Prompt. Below, find the line containing "Idő közben pedig" and the line containing "This newly made, hand-woven"; reproduce exactly those two and every line between them, omitting pictures.

Provided material.

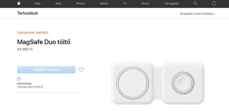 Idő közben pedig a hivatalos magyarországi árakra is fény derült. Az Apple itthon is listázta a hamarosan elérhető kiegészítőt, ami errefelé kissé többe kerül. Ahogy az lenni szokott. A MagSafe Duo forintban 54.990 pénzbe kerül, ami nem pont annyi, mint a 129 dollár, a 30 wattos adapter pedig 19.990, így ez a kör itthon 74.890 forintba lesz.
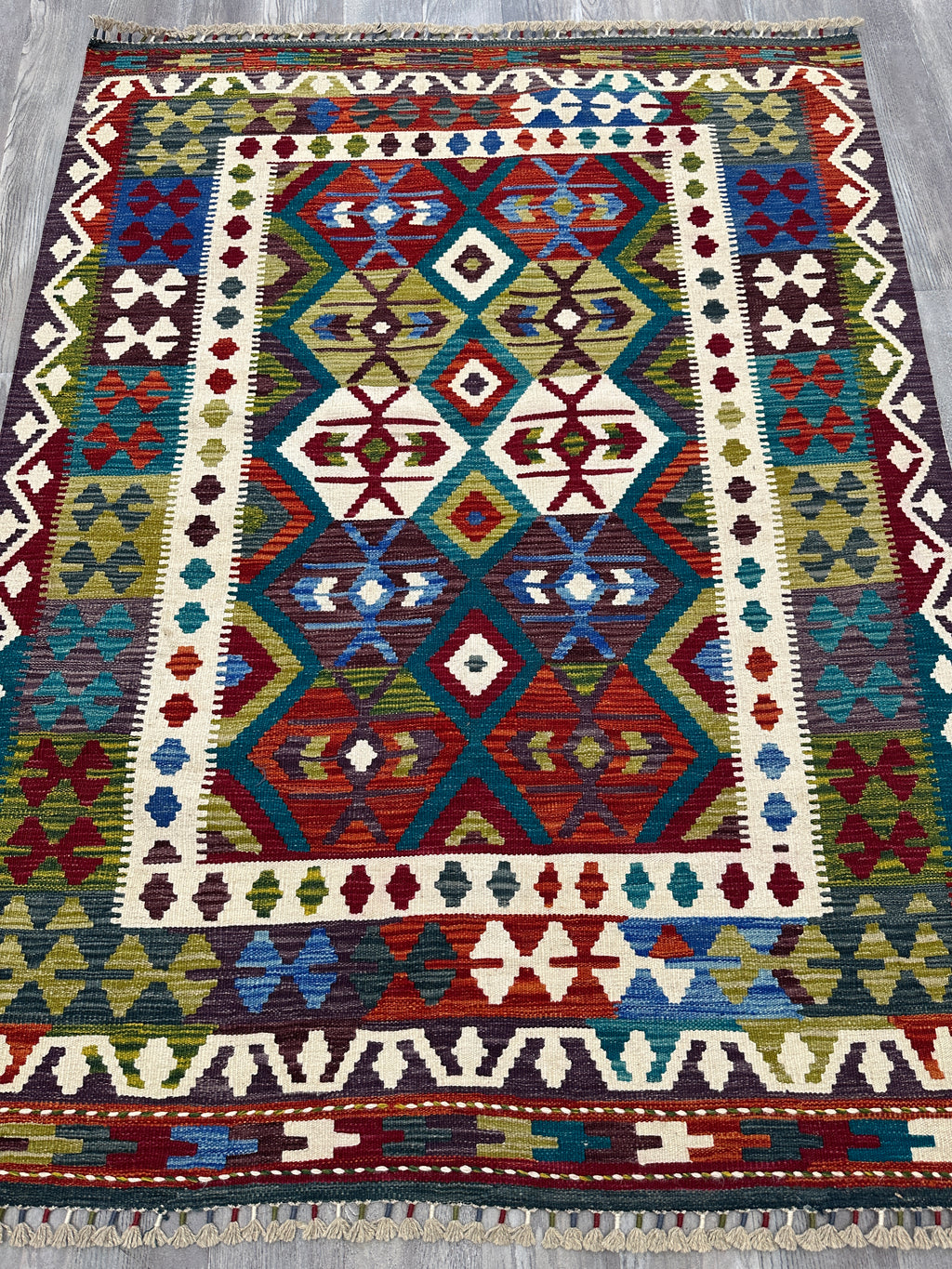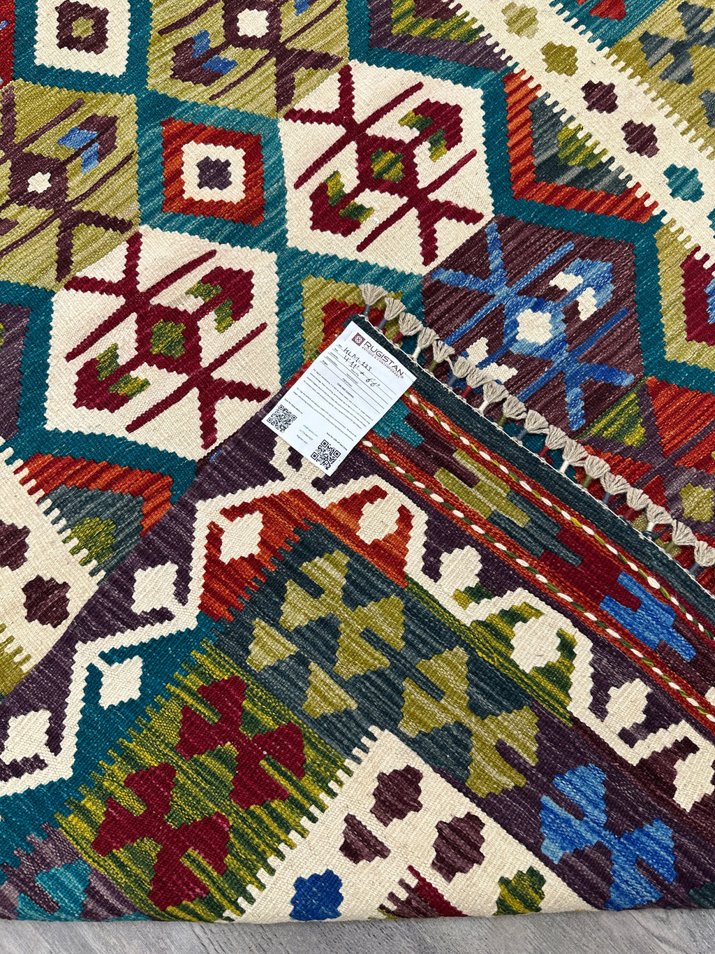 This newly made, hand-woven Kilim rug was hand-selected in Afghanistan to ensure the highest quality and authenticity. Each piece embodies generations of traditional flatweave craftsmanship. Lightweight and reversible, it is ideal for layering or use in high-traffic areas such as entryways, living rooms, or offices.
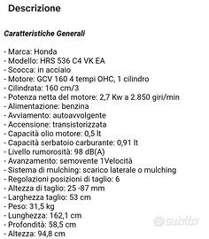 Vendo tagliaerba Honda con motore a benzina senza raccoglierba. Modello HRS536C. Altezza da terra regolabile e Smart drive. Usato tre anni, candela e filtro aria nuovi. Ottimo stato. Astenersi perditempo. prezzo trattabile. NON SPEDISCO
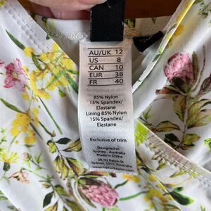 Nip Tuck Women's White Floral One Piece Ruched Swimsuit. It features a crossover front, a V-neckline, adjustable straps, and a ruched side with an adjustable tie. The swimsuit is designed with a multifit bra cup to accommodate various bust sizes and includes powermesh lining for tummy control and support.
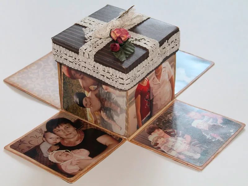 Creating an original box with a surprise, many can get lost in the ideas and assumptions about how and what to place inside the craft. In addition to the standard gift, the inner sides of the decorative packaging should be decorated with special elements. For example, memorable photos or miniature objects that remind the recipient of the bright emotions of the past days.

==

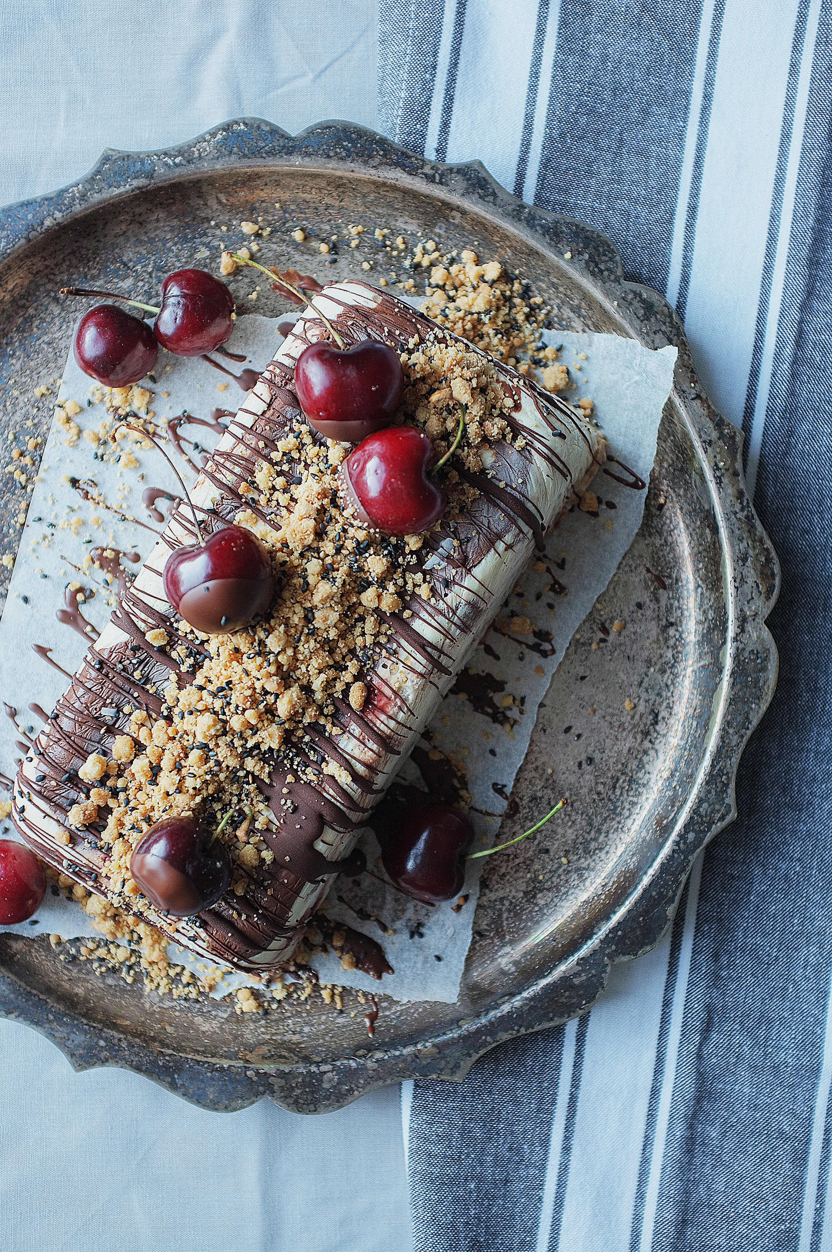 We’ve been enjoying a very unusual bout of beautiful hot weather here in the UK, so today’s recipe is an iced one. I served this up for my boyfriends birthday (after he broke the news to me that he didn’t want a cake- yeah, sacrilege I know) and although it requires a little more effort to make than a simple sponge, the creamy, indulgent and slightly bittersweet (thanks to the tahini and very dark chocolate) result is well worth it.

==

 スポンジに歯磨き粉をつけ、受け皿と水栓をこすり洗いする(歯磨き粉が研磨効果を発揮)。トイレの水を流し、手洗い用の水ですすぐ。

Answer box.
 Idő közben pedig a hivatalos magyarországi árakra is fény derült. Az Apple itthon is listázta a hamarosan elérhető kiegészítőt, ami errefelé kissé többe kerül. Ahogy az lenni szokott. A MagSafe Duo forintban 54.990 pénzbe kerül, ami nem pont annyi, mint a 129 dollár, a 30 wattos adapter pedig 19.990, így ez a kör itthon 74.890 forintba lesz.
 This newly made, hand-woven Kilim rug was hand-selected in Afghanistan to ensure the highest quality and authenticity. Each piece embodies generations of traditional flatweave craftsmanship. Lightweight and reversible, it is ideal for layering or use in high-traffic areas such as entryways, living rooms, or offices.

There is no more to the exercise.